→ PROBLEM TO SOLVE: Copy exactly, no pictures: every line from the one that contains "Charlotte did it" through the end of the entries below.

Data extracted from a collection
──────────
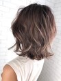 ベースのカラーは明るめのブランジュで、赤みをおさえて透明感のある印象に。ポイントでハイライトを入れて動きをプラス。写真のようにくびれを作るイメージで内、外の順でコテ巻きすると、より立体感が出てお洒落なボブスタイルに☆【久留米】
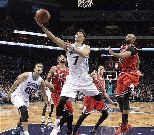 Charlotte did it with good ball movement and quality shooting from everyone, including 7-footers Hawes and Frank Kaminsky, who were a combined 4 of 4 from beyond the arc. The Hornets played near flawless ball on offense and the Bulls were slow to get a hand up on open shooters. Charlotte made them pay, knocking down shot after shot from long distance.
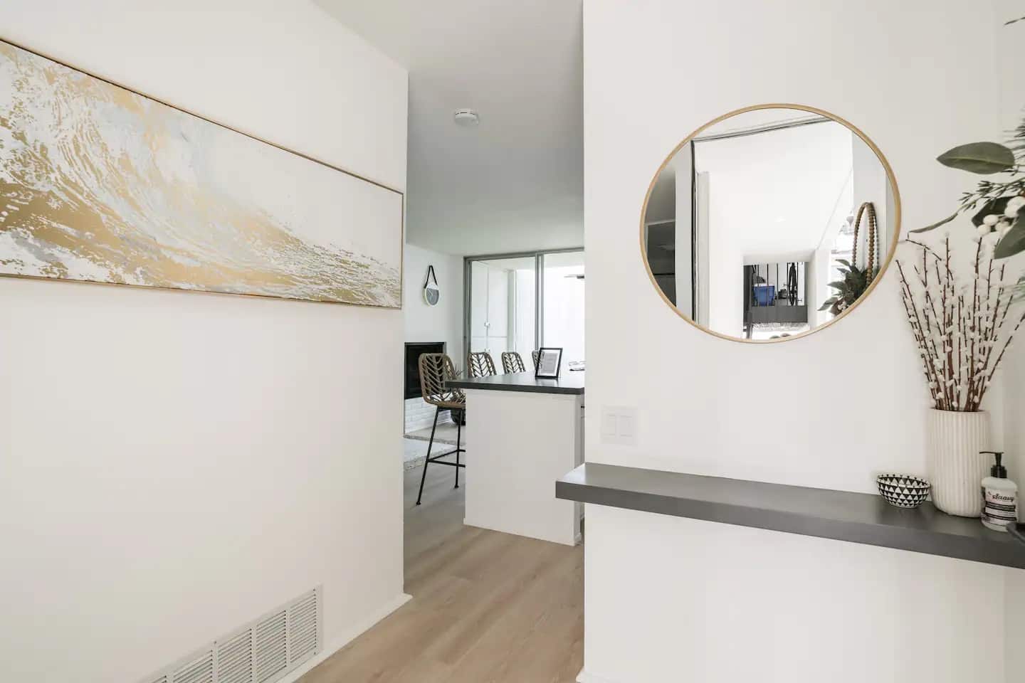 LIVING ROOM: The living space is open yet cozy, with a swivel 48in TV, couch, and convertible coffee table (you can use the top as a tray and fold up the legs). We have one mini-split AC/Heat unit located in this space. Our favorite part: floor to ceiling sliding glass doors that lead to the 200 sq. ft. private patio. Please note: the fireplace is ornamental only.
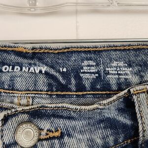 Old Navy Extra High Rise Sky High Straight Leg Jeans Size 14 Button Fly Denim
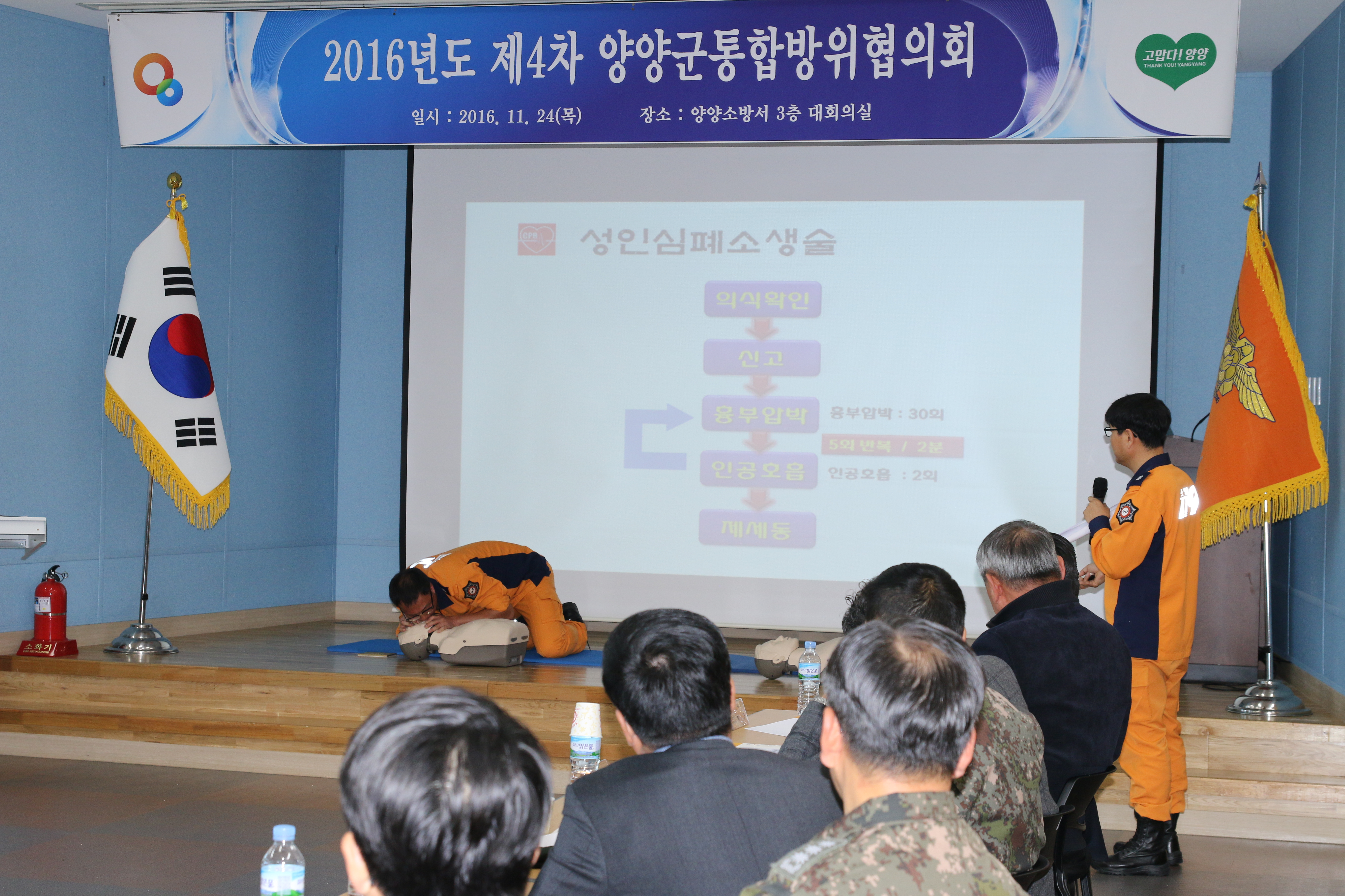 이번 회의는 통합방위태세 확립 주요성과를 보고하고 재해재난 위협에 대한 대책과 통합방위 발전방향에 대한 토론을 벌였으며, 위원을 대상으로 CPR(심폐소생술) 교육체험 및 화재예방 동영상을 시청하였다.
──────────
→ OUTPUT OF THE EXERCISE:
 Charlotte did it with good ball movement and quality shooting from everyone, including 7-footers Hawes and Frank Kaminsky, who were a combined 4 of 4 from beyond the arc. The Hornets played near flawless ball on offense and the Bulls were slow to get a hand up on open shooters. Charlotte made them pay, knocking down shot after shot from long distance.
 LIVING ROOM: The living space is open yet cozy, with a swivel 48in TV, couch, and convertible coffee table (you can use the top as a tray and fold up the legs). We have one mini-split AC/Heat unit located in this space. Our favorite part: floor to ceiling sliding glass doors that lead to the 200 sq. ft. private patio. Please note: the fireplace is ornamental only.
 Old Navy Extra High Rise Sky High Straight Leg Jeans Size 14 Button Fly Denim
 이번 회의는 통합방위태세 확립 주요성과를 보고하고 재해재난 위협에 대한 대책과 통합방위 발전방향에 대한 토론을 벌였으며, 위원을 대상으로 CPR(심폐소생술) 교육체험 및 화재예방 동영상을 시청하였다.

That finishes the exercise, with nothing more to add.